Optimization for neural networks

How is all this related to gradient-based algorithms?
As a matter of fact, there is an interesting connection between the damped harmonic oscillator and gradient-based optimization algorithms. In fact, we can interpret the problem of optimization as a system in which a particle is falling inside a given potential.
One can think of it as a ball bouncing in a landscape with hills and valleys. When it starts bouncing, the ball has high potential energy. Then, this energy turns into kinetic energy. In the long term, the ball will settle in a low elevation area and will have small potential energy (which will be zero at sea level).

The solution to the optimization problem corresponds to the point of zero energy attained when the particle is standing still.

Some mathematical machinery

In order to show the connection between damped harmonic oscillators and optimization algorithms, let’s see how gradient descent works.

We always start from guesswork, and estimate the solution to be x_n. Using our guess as a starting point, we compute a new solution from the current one, following the direction of the negative gradient

\inline x_{n+1} = x_n - \eta \cdot \nabla f(x_n)

Rearranging the above equation we get:

\inline x_{n+1} - x_n + \eta \cdot \nabla f(x_n) = 0

Then, using the Taylor expansion of the objective function f around \inline x_n, we can write:

\inline x_{n+1} - x_n = \dot{x}(t) \cdot h + \frac{1}{2}\ddot{x}(t) \cdot h^2 + \dots

By plugging this equation into the previous one, in the limit \inline h \to 0, we obtain the following differential equation:

\frac{h^2}{2 \cdot \eta} \ddot{x}(t) + \frac{h}{\eta}\dot{x}(t) + \nabla f(x(t)) = 0

Does this look familiar? It should, because this is just the damped oscillator system we have seen before.
This reasoning is also valid for other variants of gradient descent algorithms, such as the Adam method mentioned in the beginning of this article.
In this new perspective, the various gradient descent optimization methods correspond to damped oscillators with different particle mass and damping coefficients, characterized by different dissipation mechanisms of their mechanical energy. Moreover, the decay rate of the mechanical energy relates to the convergence rate of the related optimization algorithm. Yes, there is physics in deep learning.

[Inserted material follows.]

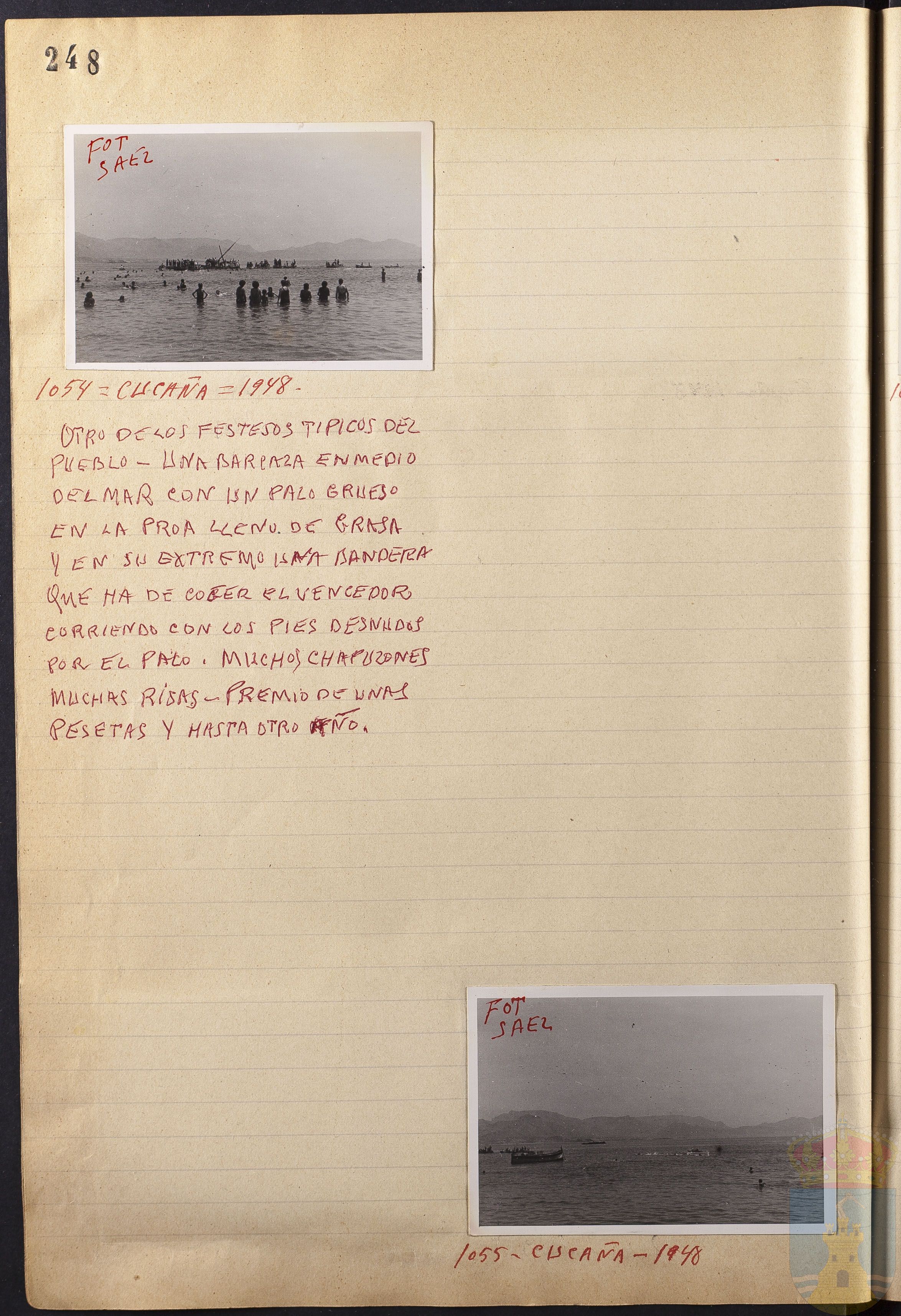 Comentario de la fotografía 1054: OTRO DE LOS FESTEJOS TÍPICOS DEL PUEBLO - UNA BARRACA EN MEDIO DEL MAR CON UN PALO GRUESO EN LA PROA LLENO DE GRASA Y EN SU EXTREMO UNA BANDERA QUE HA DE COGER EL VENCEDOR CORRIENDO CON LOS PIES DESNUDOS POR EL PALO. MUCHOS CAPUZONES MUCHAS RISAS - PREMIO DE UNAS PESETAS Y HASTA OTRO AÑO.

Motivations and perspectives

Let’s now try to understand the implications of explaining optimization algorithms in terms of physical systems. By taking inspiration from other systems one may come up with more powerful optimization techniques. Furthermore, being able to explain human intelligence from a physical point of view makes transferring such knowledge into machine learning models straightforward.
As an example, let’s consider the “quantum mind” or “quantum consciousness” hypotheses [3].
This theory says that quantum mechanics phenomena play a key role in the cognitive functions of the brain. If such hypotheses were correct, it would be possible to use quantum mechanics equations for machine learning models.
This outcome would allow scientists to build machines way more intelligent than the ones we use today. Such machines would have the same intelligence mechanisms humans have. That would mean reaching Artificial General Intelligence (AGI).

References

[1] D.P. Kingma, et al., “Adam: A Method for Stochastic Optimization”,  The International Conference on Learning Representations (ICLR), San Diego, 2015 https://arxiv.org/abs/1412.6980

[2] Lin F. Yang, et al., “The Physical Systems Behind Optimization Algorithms”, 32nd Conference on Neural Information Processing Systems (NeurIPS 2018), Montréal, Canada.  https://arxiv.org/abs/1612.02803

[3] R. Penrose, et al., “Consciousness in the Universe: Neuroscience, Quantum Space-Time Geometry and Orch OR Theory“, Journal of Cosmology 14, 2011.